Quanto all’entità dei contributi, in vetta figura l’Airc (Associazione italiana per la ricerca contro il cancro) con poco meno di 83 milioni di euro ricevuti, quindi la Fondazione piemontese per la ricerca sul cancro (con oltre 14 milioni), Emergency (13 milioni), la Lega del filo d’oro (12 milioni) e l’Associazione italiana contro le leucemie e i linfomi (10 milioni).

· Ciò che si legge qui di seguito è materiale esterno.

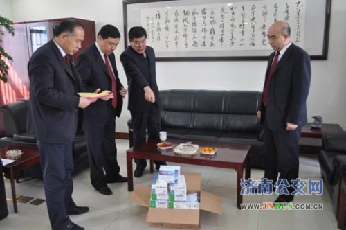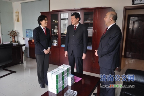 济南公交官网讯 近日,总公司副总经理张栩、公交医院院长刘广山带领公交医院医务人员,先后到一公司、快速公交公司、三公司、恒生公司、二公司、电车公司等单位和部分车队、站台慰问公交职工。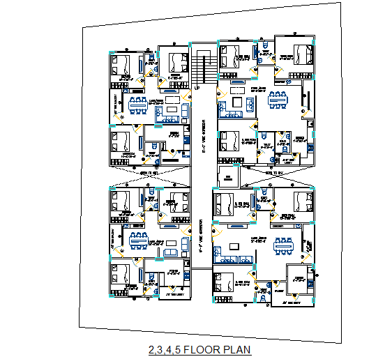 Apartment 2,3,4,5 floor plan detail dwg file, plan design detail, furniture detail with bed, chair, sofa, table, door and window detail, etc.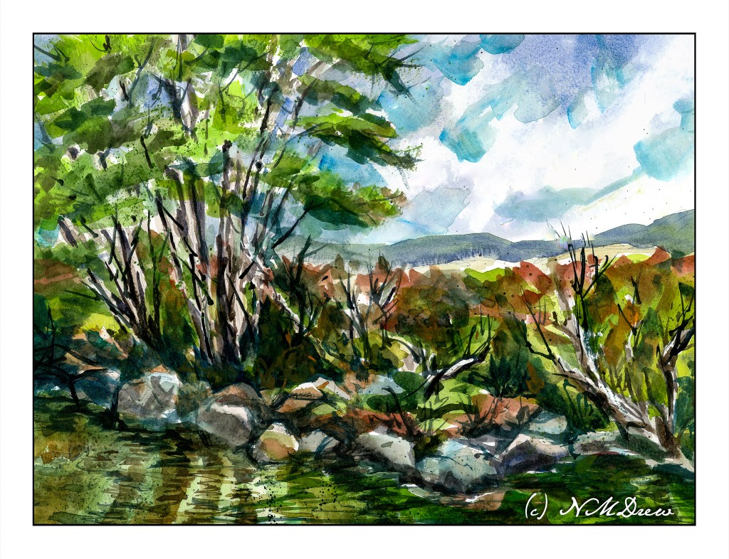 I also used a new-to-me watercolor paper, made by St. Cuthbert’s Mill in England. I am not sure as to its fiber content, but it is archival. The texture is nice, size is good at 11×15 inches, and worked really well with the paints and water. Color could be lifted, as in the reflections of the trees on the left in the creek. So far I am pleased with this paper and definitely plan more paintings using it.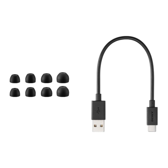 В комплекте с гарнитурой INZONE Buds вы также найдете зарядный кабель USB-C (1.5 м), USB-трансивер и силиконовые амбушуры 4 размеров.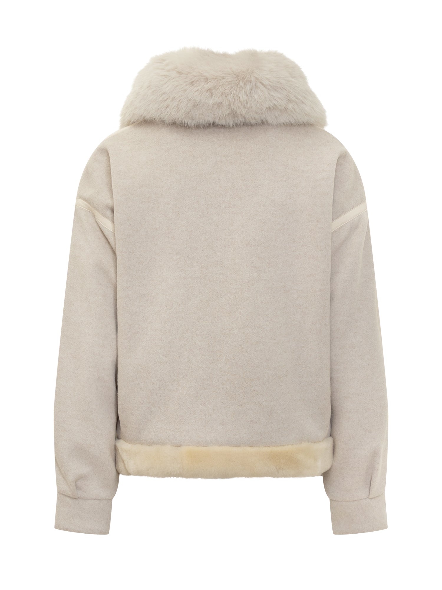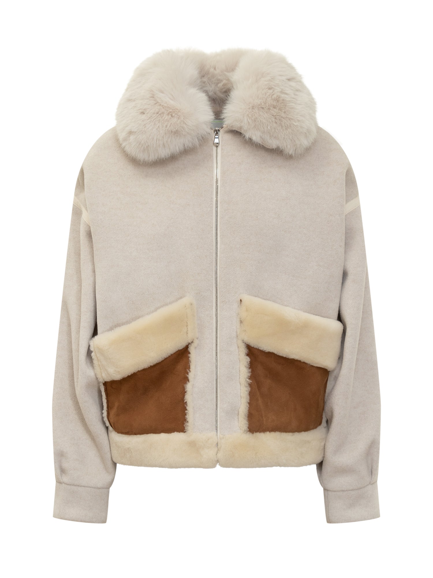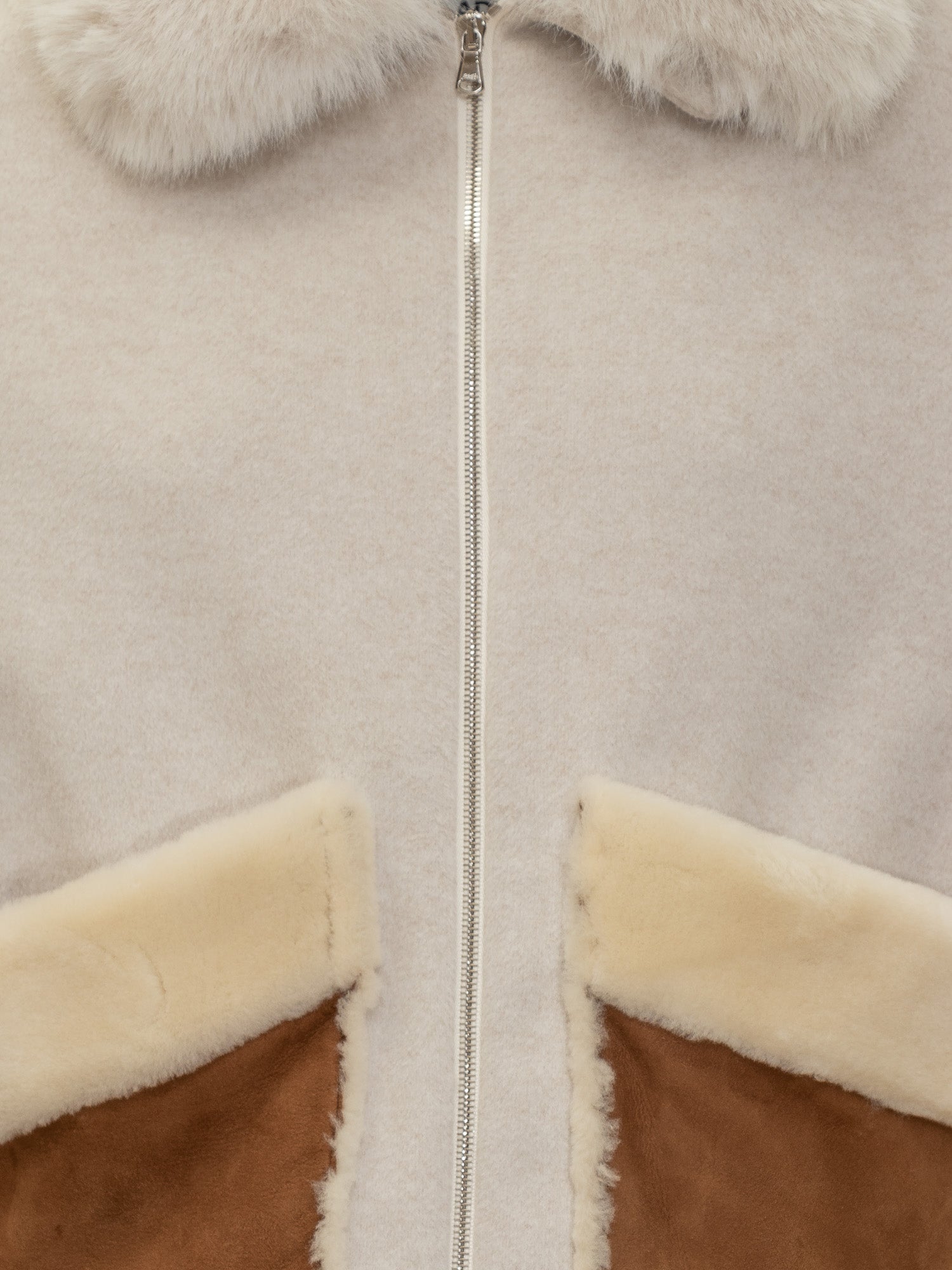 Ava Adore shearling jacket in beige with oversized collar and contrast suede pockets.

E le associazioni che gravitano o hanno radici nel mondo della farmacia? Una ricerca sistematica è impegnativa (gli elenchi dell’Agenzia delle entrate includono più di 2.500 enti) ma una selezione per parole chiave dà già un buon responso. Il Banco farmaceutico, assieme alle sue diverse rappresentanze territoriali, è tra le associazioni di questo gruppo che più beneficiano del 5 per mille, anche se si tratta di cifre ben lontane da quelle che contraddistinguono la Top 5: la Fondazione riceve nel 2025 poco più di 32mila euro, cui si aggiungono i contributi di sedi come Milano (4mila euro) e Torino (3mila). Nella classifica relativa alle associazioni che si muovono nel mondo della farmacia e della professione figurano anche il Comitato farmacie della provincia di Torino (28mila euro), l’Associazione farmacisti volontari per la protezione civile di Cagliari (4.500 euro), l’associazione Farmacisti in aiuto di Fiumicino (3.800 euro), la Fondazione Sebastiano Crimi per lo studio, la ricerca farmaceutica e la storia della farmacia in Sicilia (1.700 euro), l’associazione Farmacisti nel mondo di Faenza (1.500 euro), il Coordinamento nazionale farmacisti volontari per la protezione civile (962 euro), l’Associazione farmacisti volontari per la protezione civile della Toscana (782 euro), l’Associazione farmacisti volontari per la protezione civile di Catania (413 euro), l’Associazione farmacisti volontari per la protezione civile di Cuneo (264 euro) e infine l’associazione Farmaciste insieme (137 euro).